Il piano punterebbe su un’offerta dedicata ai clienti facoltosi, incentrata su bitcoin ed ethereum, riservata per il momento ai clienti della banca, prima di aprirsi all’Asia nonché agli USA. La questione, per questa evoluzione, dipenderà dalla regolamentazione e dalla maturità dei mercati in ogni fase. Ciò resta per ora solo un progetto, a causa dei vincoli normativi. Proprio per questo motivo, la banca in passato ha evitato le offerte dirette di servizi crypto, a causa delle normative e dei rischi di compliance.

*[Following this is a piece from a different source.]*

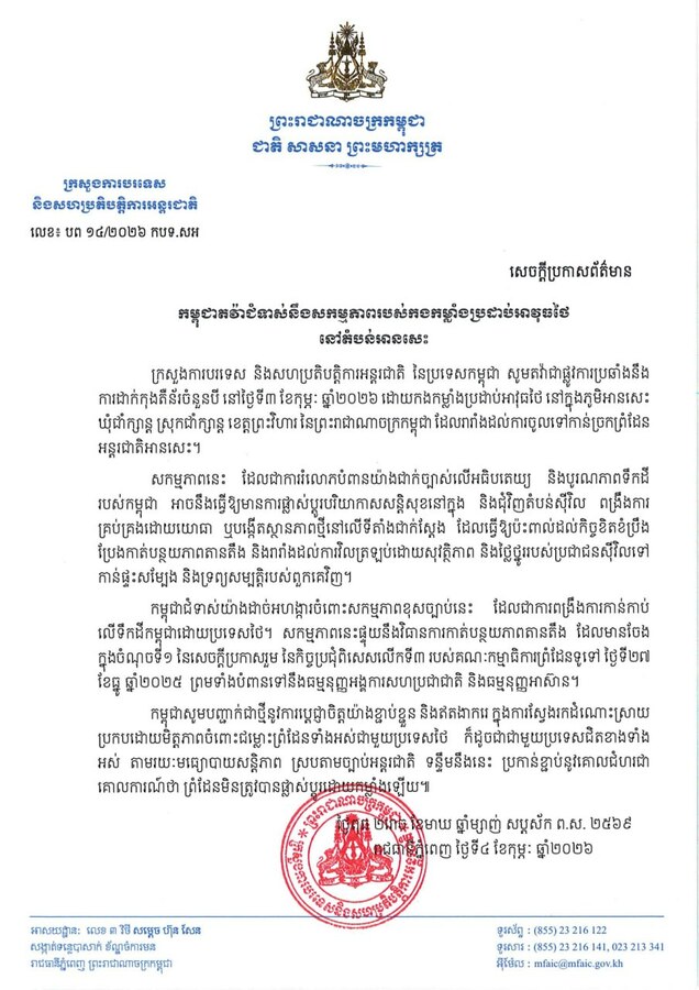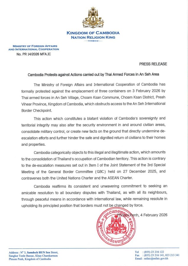 (រាជធានីភ្នំពេញ)៖ ក្រសួងការបរទេស និងសហប្រតិបត្តិការអន្តរជាតិ នៃព្រះរាជាណាចក្រកម្ពុជា នាព្រឹកថ្ងៃព្រហស្បតិ៍ ទី០៥ ខែកុម្ភៈ ឆ្នាំ២០២៦ បានចេញសេចក្ដីប្រកាសព័ត៌មាន តវ៉ាជាផ្លូវការប្រឆាំងនឹងការដាក់កុងតឺន័រចំនួនបី នៅថ្ងៃទី៣ ខែកុម្ភៈ ឆ្នាំ២០២៦ ដោយកងកម្លាំងប្រដាប់អាវុធថៃ នៅក្នុងភូមិអានសេះ ឃុំជាំក្សាន្ត ស្រុកជាំក្សាន្ត ខេត្តព្រះវិហារ នៃព្រះរាជាណាចក្រកម្ពុជា ដែលរារាំងដល់ការចូលទៅកាន់ច្រកព្រំដែន អន្តរជាតិអានសេះ។

Per ora non c’è ancora nulla di ufficiale, ma un responsabile di UBS ha fornito maggiori dettagli
“Nel quadro della strategia di UBS in materia di asset digitali, seguiamo da vicino l’evoluzione della situazione ed esploriamo iniziative che rispondano ai bisogni dei nostri clienti, tengano conto delle evoluzioni normative e delle tendenze del mercato e prevedano rigorosi controlli del rischio. Siamo coscienti dell’importanza delle tecnologie a registro distribuito, come la blockchain, che sono alla base degli asset digitali.”
Un’evoluzione verso il mercato crypto legato al contesto bancario
UBS, che pesa 6,9 trilioni di dollari di asset, vuole aumentare quindi la sua presenza all’interno dell’universo crypto nei prossimi anni. In effetti, se la banca svizzera ha a lungo considerato che questo mercato fosse un segmento marginale del mercato globale degli asset digitali, il CEO ha ritenuto che la blockchain sia un mezzo per permettere di ridurre i costi e migliorare l’efficienza a livello del sistema finanziario.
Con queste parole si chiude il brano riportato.